宅配便というシステムは、「国民全員引きこもり」という近未来(なぜそうなるか、という考察はさておく)においてますます重要性を持つと私は見ているが、その時に最大の利益を上げるのがアマゾンのような売り手企業であり、利益も得るが現場がひどい苦労をするのが物流業者だろう。そして現在がその混乱の時期である。いずれ何かのシステム改善が起こらないと、売り手企業も物流業者も破綻するのではないか。まあ、破綻しても、「それが無かった時代」に戻ればいいだけだから、消費者にとってはたいした問題ではない、と見ることもできる。

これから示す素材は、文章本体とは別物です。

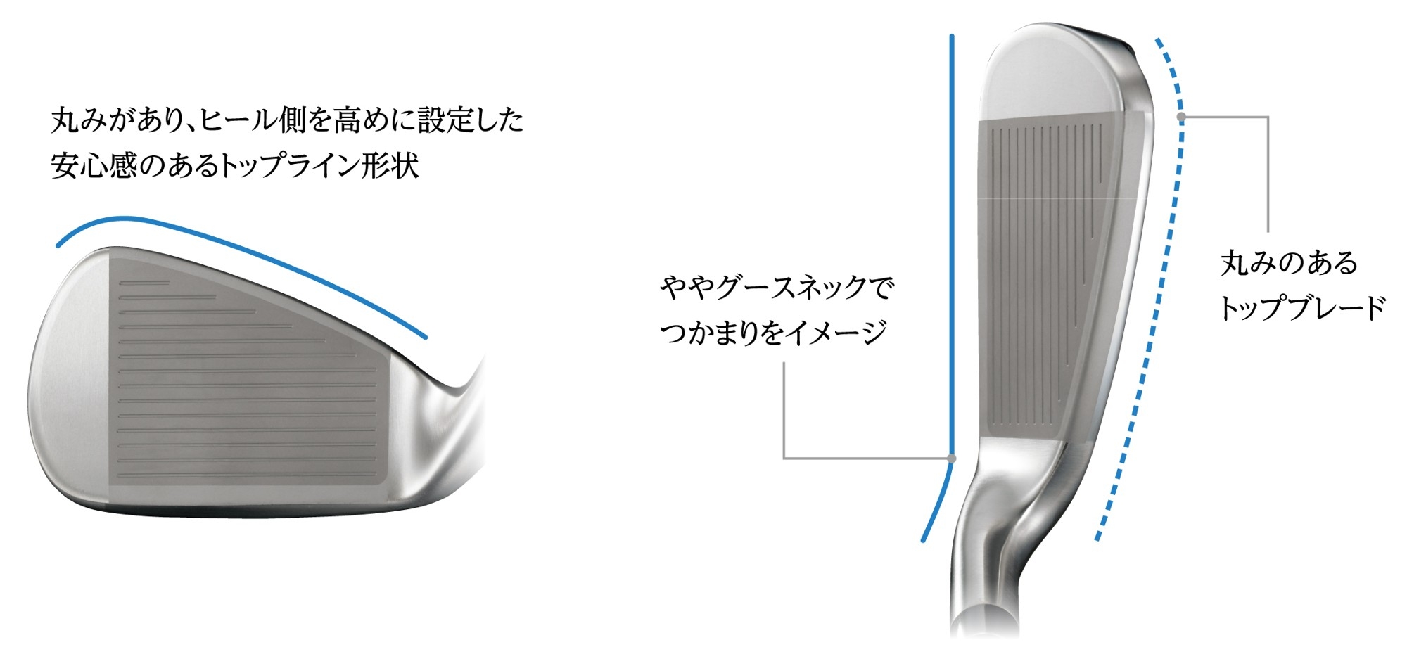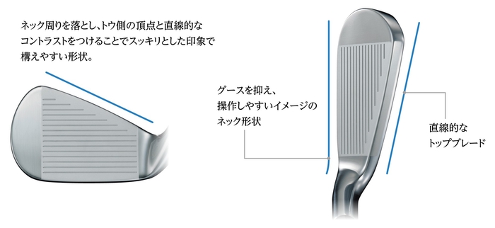 ネックはグースを抑え、操作しやすいイメージの形状を採用。ネック周りの肉を落とし、トウ側の頂点と結んだ直線的なトップブレードが構えやすい印象を与えます。
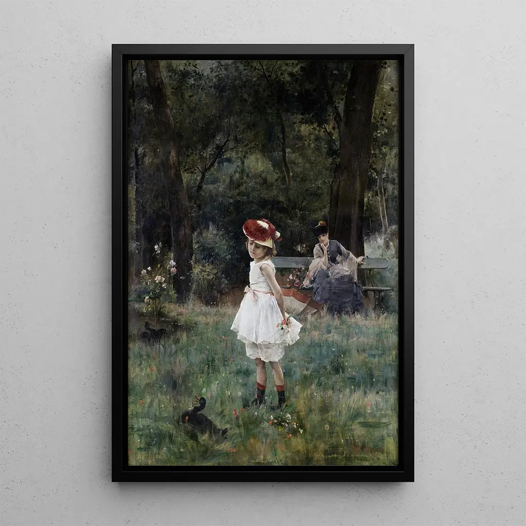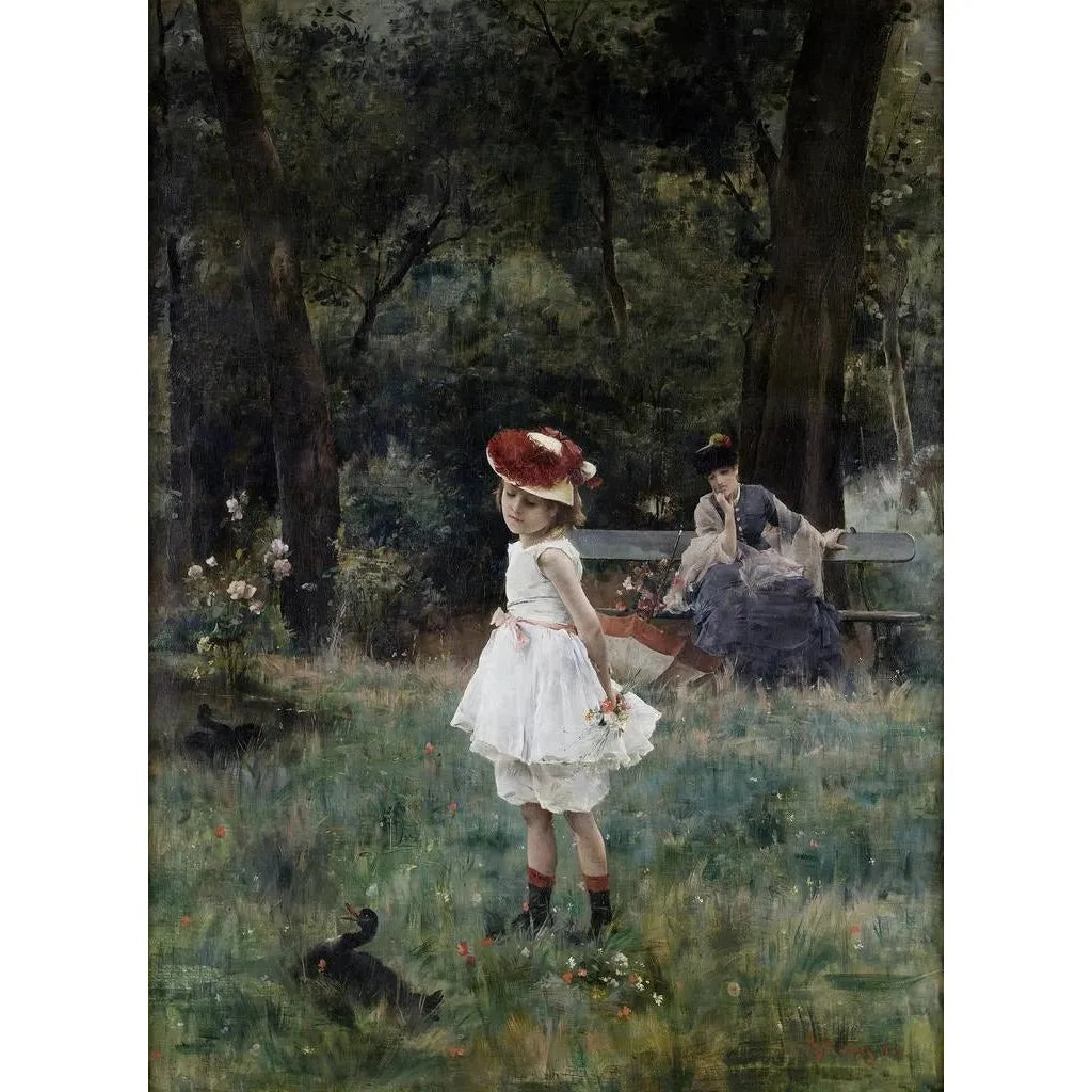 Alfred Stevens, belgischer Maler des 19. Jahrhunderts, ist bekannt für seine Darstellungen des Alltagslebens und intimer Szenen. Beeinflusst vom Realismus, konnte er das Wesen der bürgerlichen Gesellschaft seiner Zeit einfangen. Seine Werke, oft mit weiblichen Figuren im Mittelpunkt, spiegeln eine besondere Sensibilität und eine feine Beobachtung der Sitten wider. Stevens war in Paris aktiv, wo er mit bedeutenden Künstlern seiner Zeit zusammenarbeitete, und sein Stil entwickelte sich zu einem impressionistischen Ansatz, der Elemente von Licht und Farbe integriert, die seine Kompositionen bereichern. La fillette aux canards veranschaulicht perfekt sein Talent, Emotionen durch einfache, aber eindrucksvolle Szenen zu vermitteln.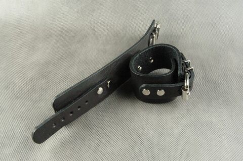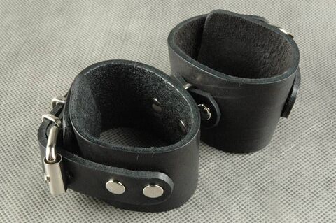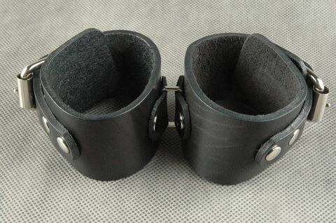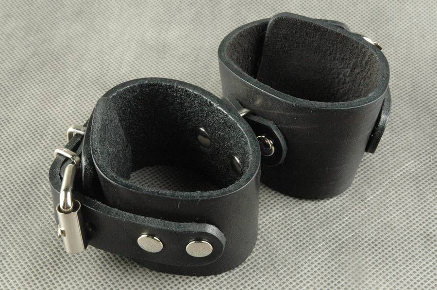 Наручники узкие, неподшитые, на ремешке с пряжкой, с жесткой фиксацией, соединенные между собой рамкой. Наручникии и поножи используются для ограничения физической активности партнера в бандаже. Они могут также играть роль фетиша. Самое главное - служат мощным психологическим атрибутом подчинения.
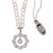 Girocollo con pendente in oro bianco, diamanti, due fili di perle e zaffiri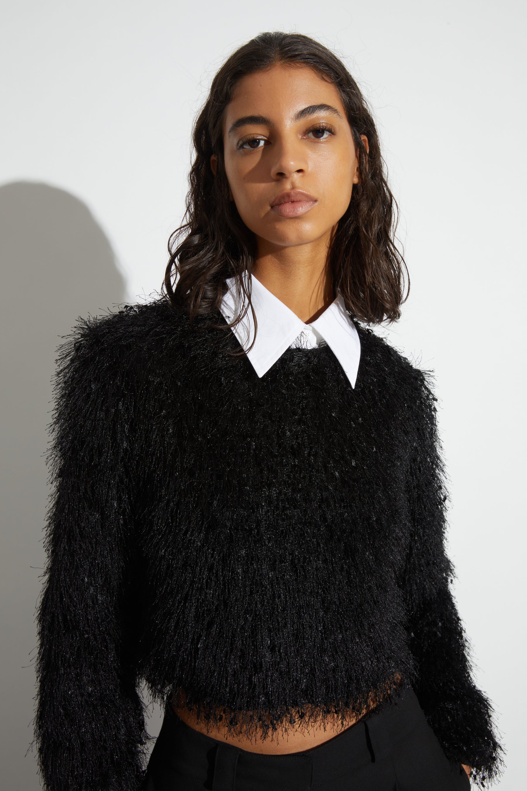 - Fits true to size. Model is wearing a size small. Size up for a more relaxed and boxy look

それに、問題が表面化してくれば、アマゾン自身が解決手段を自分で作るだろう、という予測もできるわけだが、問題が存在することを意識することが社会全体のために一番大事なのであり、その意味で下の現代ビジネスの記事は良記事だ、と言うのである。
現在騒がれている森友学園の件は、どういう形で終わるか、という興味はあるが、「ネットゲリラ」などのサイトが詳しいようだし、ネット全体に関連記事は多いから、私は様子見だけにする。安倍総理が政権を投げ出しても、麻生や石破がその後を襲う(この「襲う」は「襲名」の「襲」の意味)のであれば(最近は東京都の女知事まで次期総理を狙っているようだが)何も変わらないだろうから、自公政権自体を倒さないと意味が無いのではないかと思う。つまり、不正選挙をいかにして阻止して、次の国政選挙に臨むか、ということである。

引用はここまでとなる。